One potential thing we could do is validate for non-sequential resid? But then we'd have to capture chain changes etc... I'm not sure, is that the source of the error here @btodac ?

orbeckst · 2021-11-04T20:17:19Z

I agree with @IAlibay , that’s out of scope.

We should document it, though.

btodac · 2021-11-04T21:23:44Z

It is not the protein sequence that is the issue but the order of the atom records within each residue.
e.g.
ATOM 1 N SER A 2 -2.266 49.648 -27.532 1.00 39.03 N
ATOM 2 CA SER A 2 -1.744 48.330 -27.051 1.00 37.53 C
ATOM 3 C SER A 2 -0.853 47.687 -28.109 1.00 39.48 C
ATOM 4 O SER A 2 -1.251 46.718 -28.741 1.00 40.65 O
ATOM 5 CB SER A 2 -2.908 47.393 -26.724 1.00 30.13 C
ATOM 6 OG SER A 2 -3.983 48.115 -26.135 1.00 25.58 O
is correct as the carboxyl group (CB and OG) forms the last 2 entries.
However, Gromacs (I think) juggles the entries within the residue leading MDA to output

ATOM 1 N SER X 1 150.950 201.230 48.160 1.00 0.00 seg_ N
ATOM 2 CA SER X 1 151.930 200.220 48.630 1.00 0.00 seg_ C
ATOM 3 CB SER X 1 151.310 199.110 49.380 1.00 0.00 seg_ C
ATOM 4 OG SER X 1 150.500 199.630 50.350 1.00 0.00 seg_ O
ATOM 5 C SER X 1 152.760 199.660 47.420 1.00 0.00 seg_ C
ATOM 6 O SER X 1 152.320 198.810 46.670 1.00 0.00 seg_ O

I am currently making a fork and will implement a method for ensuring the correct order as the atom group should contain all the information required to produce the PDB standard format.
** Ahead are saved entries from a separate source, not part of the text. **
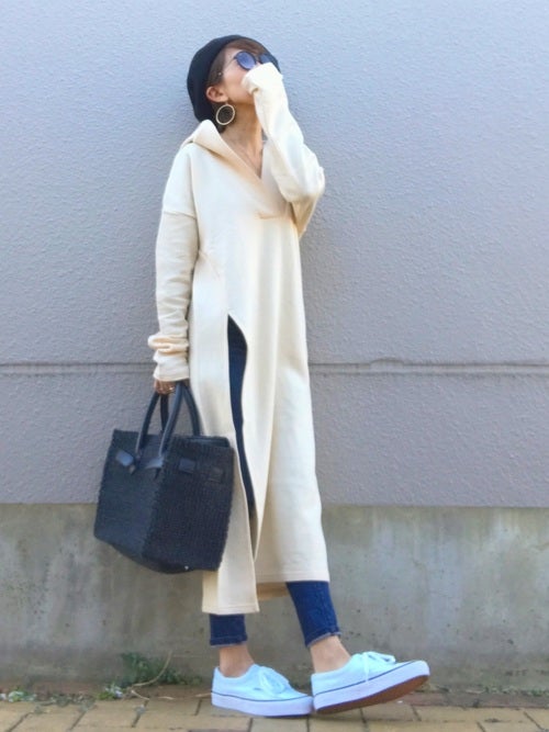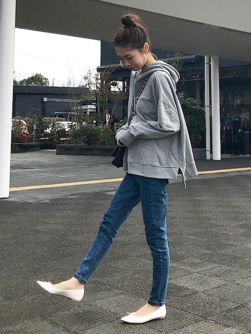 とはいえ知り合いにバッタリ会っても慌てないよう、白のスリット入りオーバーサイズパーカー+スキニーデニムのやり過ぎないおしゃれが理想なんです。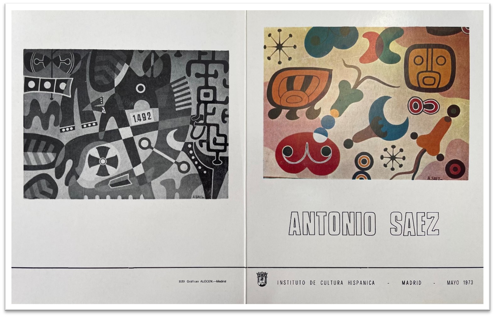 Tras una estancia en México, Sáez expuso individualmente en las salas del Instituto de Cultura Hispánica en mayo de 1973. Esta obra aparece reproducida al dorso del díptico que contiene un texto del artista y el listado de los cuadros. Posteriormente pasó a formar parte de la colección, y recientemente, se expuso en la muestra Antes de América. Fuentes originarias en la cultura moderna (Fundación Juan March, Madrid, 2023–2024).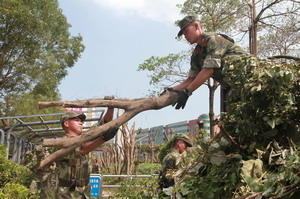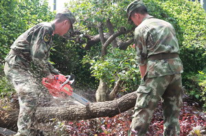 9月19日,子弟兵來(lái)了。這群已經(jīng)為廈門奮戰(zhàn)四天四夜的親人,來(lái)到廈門國(guó)際航運(yùn)中心,攜手象嶼人,一同清運(yùn)兩處景觀公園的斷樹(shù)殘枝。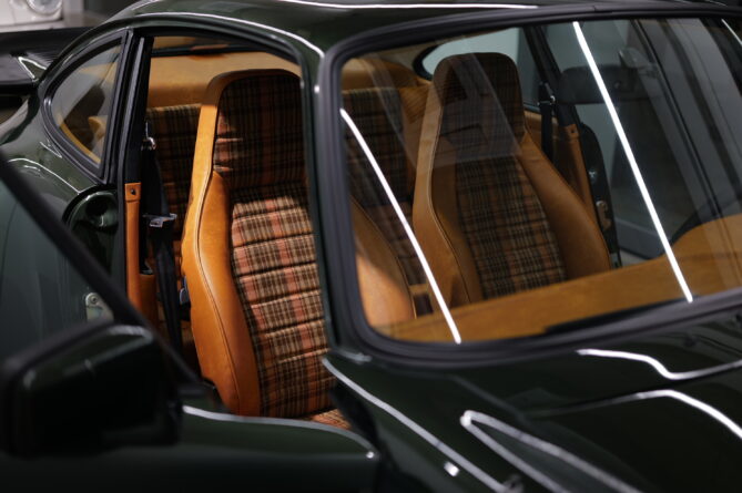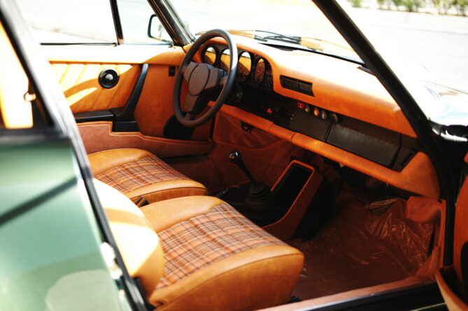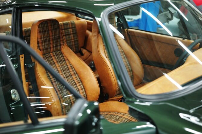 ・レザーシート(CORK)/カスタムファブリックシート(Porsche Karo Madras,brown/beige/orange)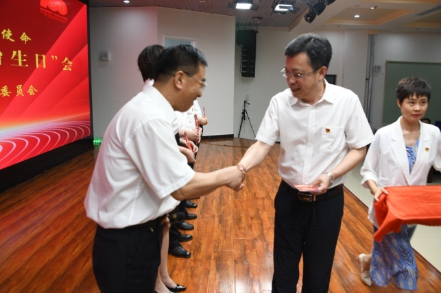 校党委书记周宏力为党员代表赠送政治生日贺卡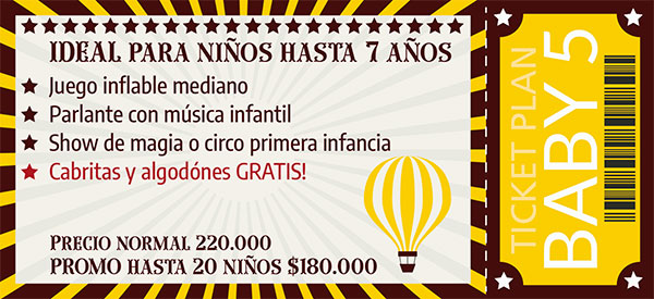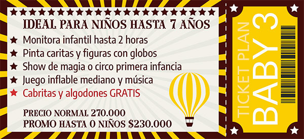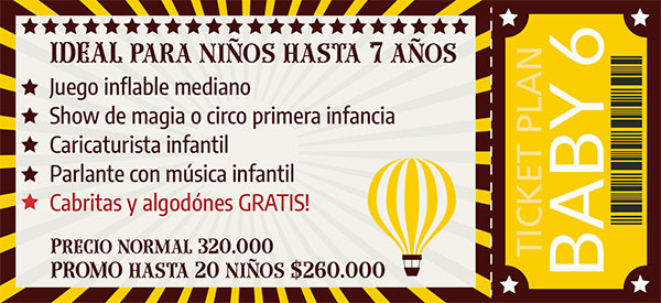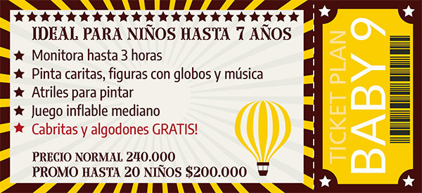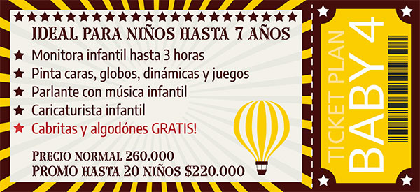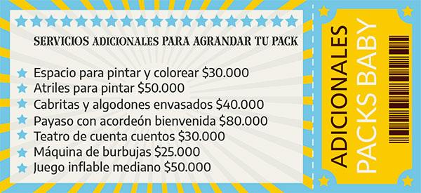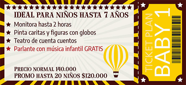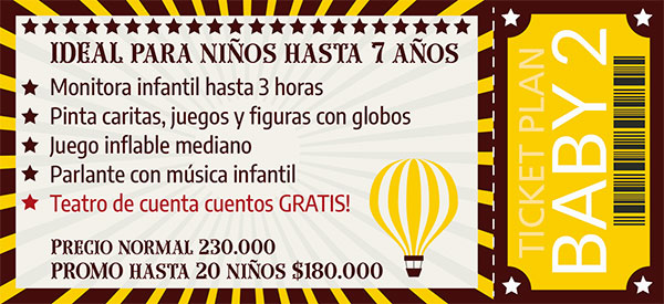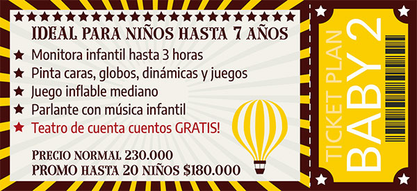 Pack Baby 1: Ideal para niños hasta 7 años. Este plan incluye la participación de una monitora hasta 2 horas. Quien primero hará lindos pinta caritas a elección, luego el relato de lindos y entretenidos cuenta cuentos en el teatro “kamishibai”, para finalizar con la entrega de figuras con globos para todos los niños. Incluimos ademas música ambiental infantil sin costo.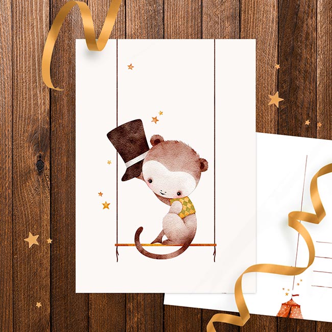 Postkaart ‘In het circus’ aapje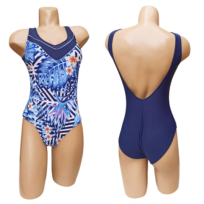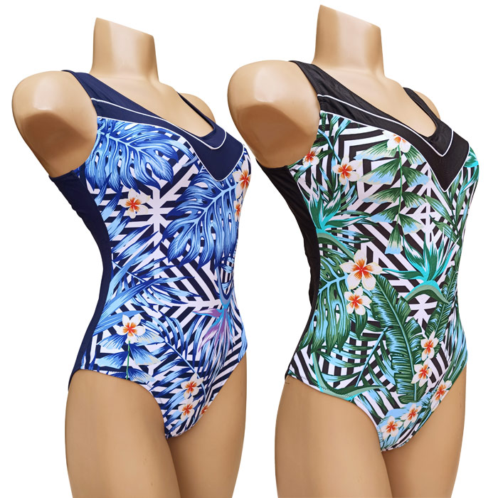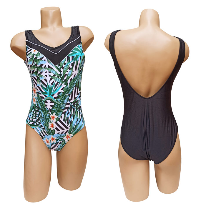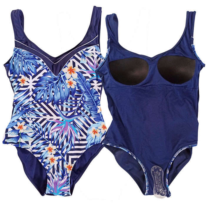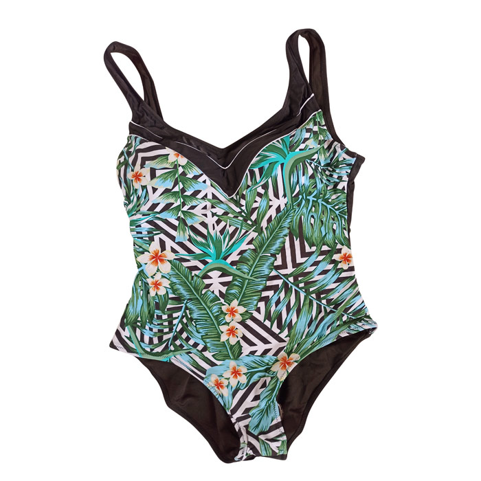 Maillot de bain femme 1 pièce, entièrement doublé. Soutien gorge forme bandeau, mousses lègères intégrées. Maillot imprimé "Feuilles de Palmiers et fleurs des îles" sur le devant, dos uni. Échancrure dos. Bretelles épaules. 2 couleurs et 5 tailles indiquées sur étiquette : 46-48-50-52-54.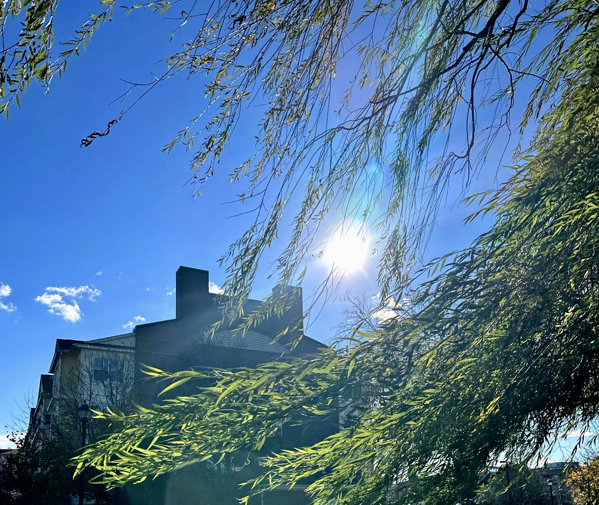 Our fall season has been warmer than usual and the willow tree didn’t get the message to lose its leaves. It’s quite beautiful on this clear, cold day.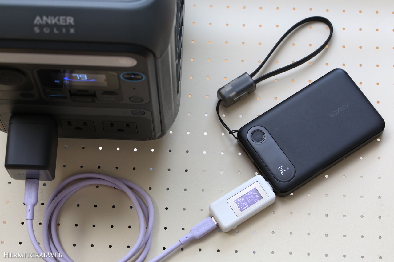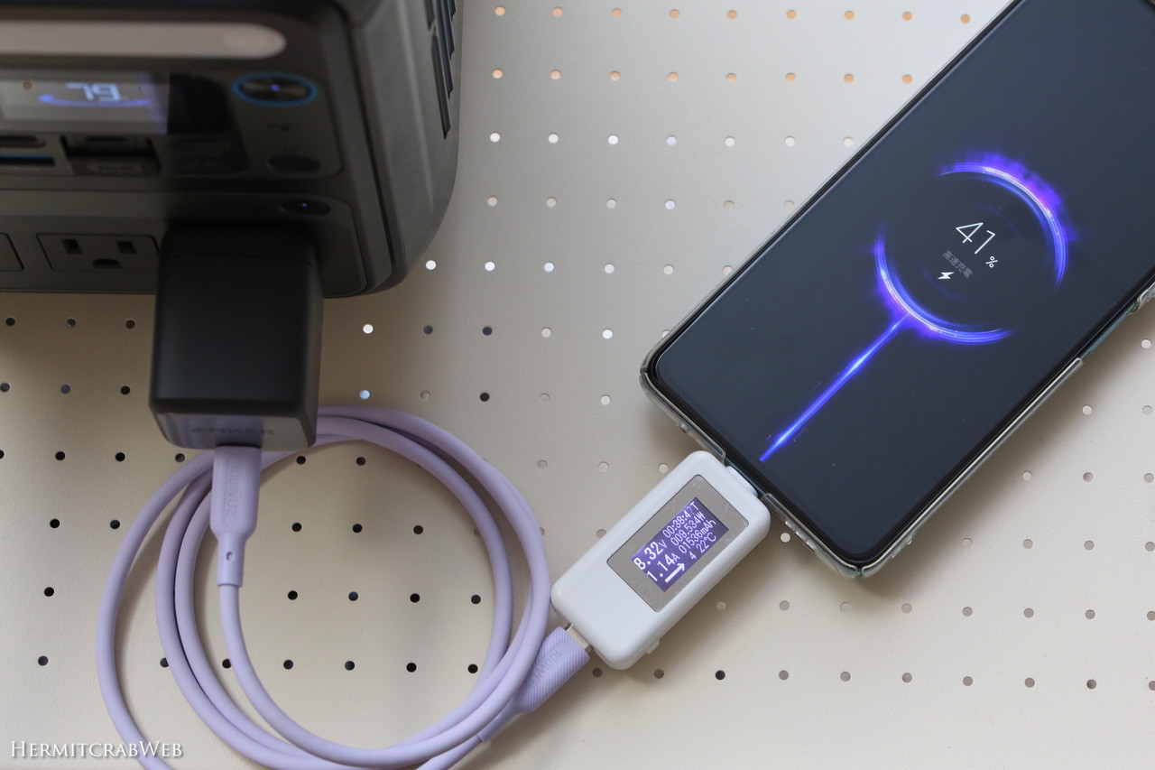 Anker Power Bank (10000mAh, 22.5W)への給電はこんな感じ。しっかり速度が出ています。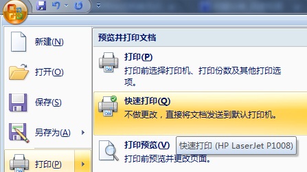 4、选择OFFICE按钮——选择打印——选择快速打印。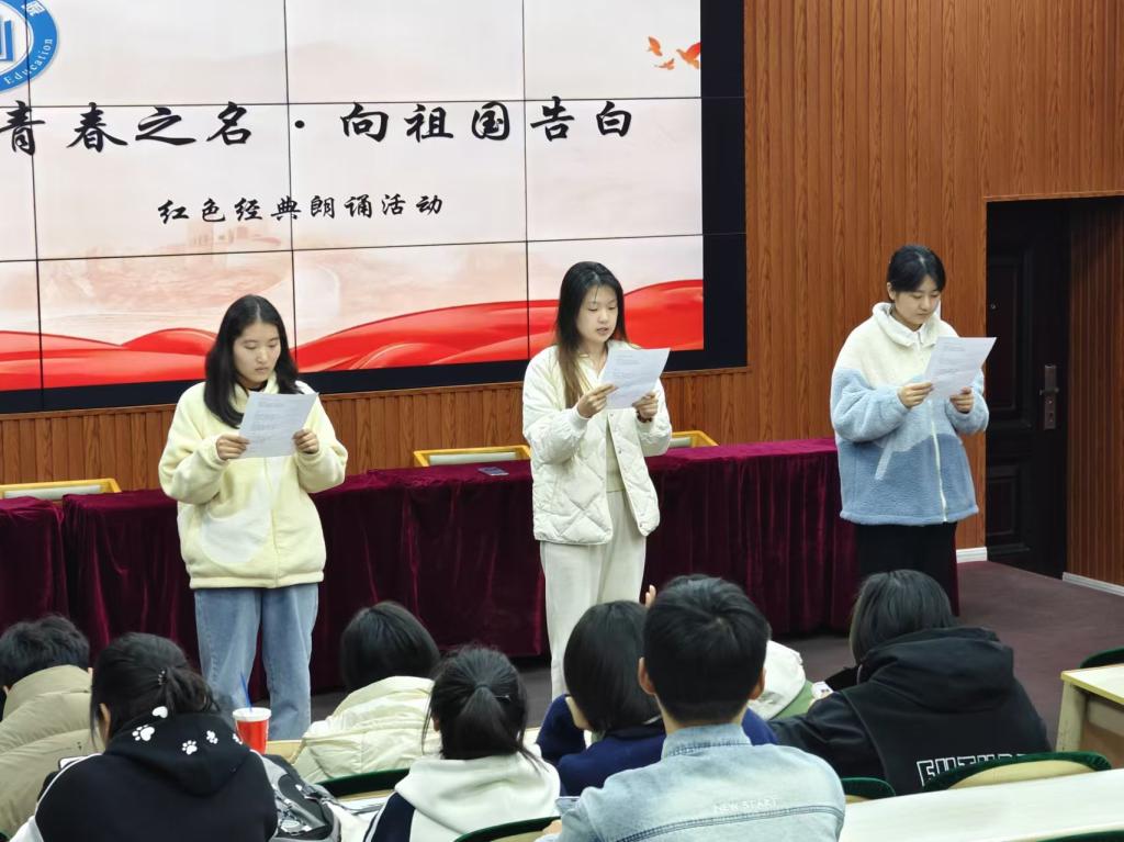 为深入贯彻落实习近平新时代中国特色社会主义思想,加强大学生思想政治教育,弘扬红色文化,传承红色基因,365上市公司于11月5日在知行楼113教室举办“以青春之名,向祖国告白”红色经典朗诵比赛。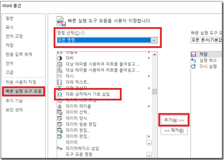 3) 우측에 [명령 선택(C)]에서 [모든 명령]으로 변경 후 아래 나오는 메뉴를 더 내려서 [대화 상자에서 기호 삽입]을 찾아 [추가] 합니다.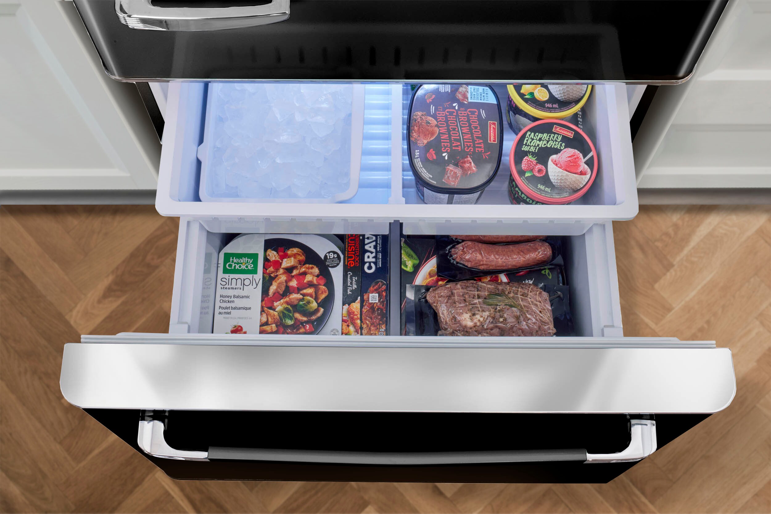 Three spacious freezer drawers provide ample storage space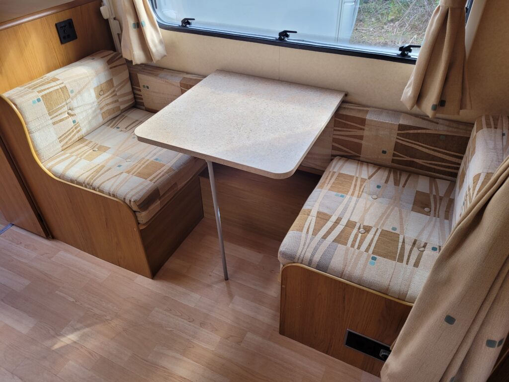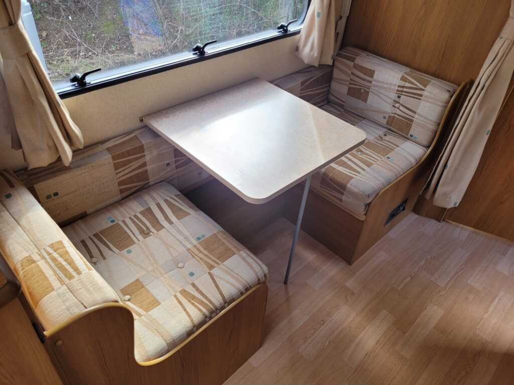 Bench seating at the front converting to a large double bed

orbeckst · 2021-11-04T21:41:35Z

We're happy to have a look at proposed code.

By default we will not write out PDB files with changed atom order as this will destroy most people's workflows.

We could consider a keyword arg that reorders on writing. That's something we can discuss on a PR.

richardjgowers · 2021-11-04T21:50:49Z

It might be better to write a function that does the juggling and returns an AtomGroup. Then the writer can just write that juggled AG. More transparent this way.

…

On Thu, Nov 4, 2021 at 21:41, Oliver Beckstein ***@***.***> wrote: We're happy to have a look at proposed code. By default we will not write out PDB files with changed atom order as this will destroy most people's workflows. We could consider a keyword arg that reorders on writing. That's something we can discuss on a PR. — You are receiving this because you are subscribed to this thread. Reply to this email directly, view it on GitHub <#3452 (comment)>, or unsubscribe <https://github.com/notifications/unsubscribe-auth/ACGSGB7IAKSHCCUN2HXMDXLUKL4ZXANCNFSM5HMA72RA> .

orbeckst · 2021-11-04T21:55:17Z

Just to add:

However, Gromacs (I think) juggles the entries within the residue leading MDA to output

Note that the atom ordering will always be determined by GROMACS (or CHARMM/NAMD, ...) depending on the topology (force field) building blocks.

I wanted to make clear that MDAnalysis's primary purpose is to act as a layer between simulation formats and numpy arrays. It's not our job to question the ordering of atoms in the topology.

We will adhere to existing format specs as well as possible. However, "the" PDB format in particular has been so badly abused by the simulation community that we cannot walk the high ground and insist on all aspects of the format specs. Instead we have to support what the majority of users use. MDAnalysis would not be the right tool to prepare a PDB for the Protein Databank (in any case, they don't want anyone to use the PDB format anymore anyway, and rightly so). We are a bit slow on supporting the recommended new format PDBx/mmcif but see #2367 for using converters.

All of this is just to give you an idea why we are not super-enthusiastic about adding code to MDAnalysis to change the order of atoms on output.

btodac · 2021-11-04T22:13:00Z

It might be better to write a function that does the juggling and returns an AtomGroup. Then the writer can just write that juggled AG. More transparent this way.
…
On Thu, Nov 4, 2021 at 21:41, Oliver Beckstein @.***> wrote: We're happy to have a look at proposed code. By default we will not write out PDB files with changed atom order as this will destroy most people's workflows. We could consider a keyword arg that reorders on writing. That's something we can discuss on a PR. — You are receiving this because you are subscribed to this thread. Reply to this email directly, view it on GitHub <#3452 (comment)>, or unsubscribe https://github.com/notifications/unsubscribe-auth/ACGSGB7IAKSHCCUN2HXMDXLUKL4ZXANCNFSM5HMA72RA .

This was is my intention, but it could be provided as an option to the pdb writer.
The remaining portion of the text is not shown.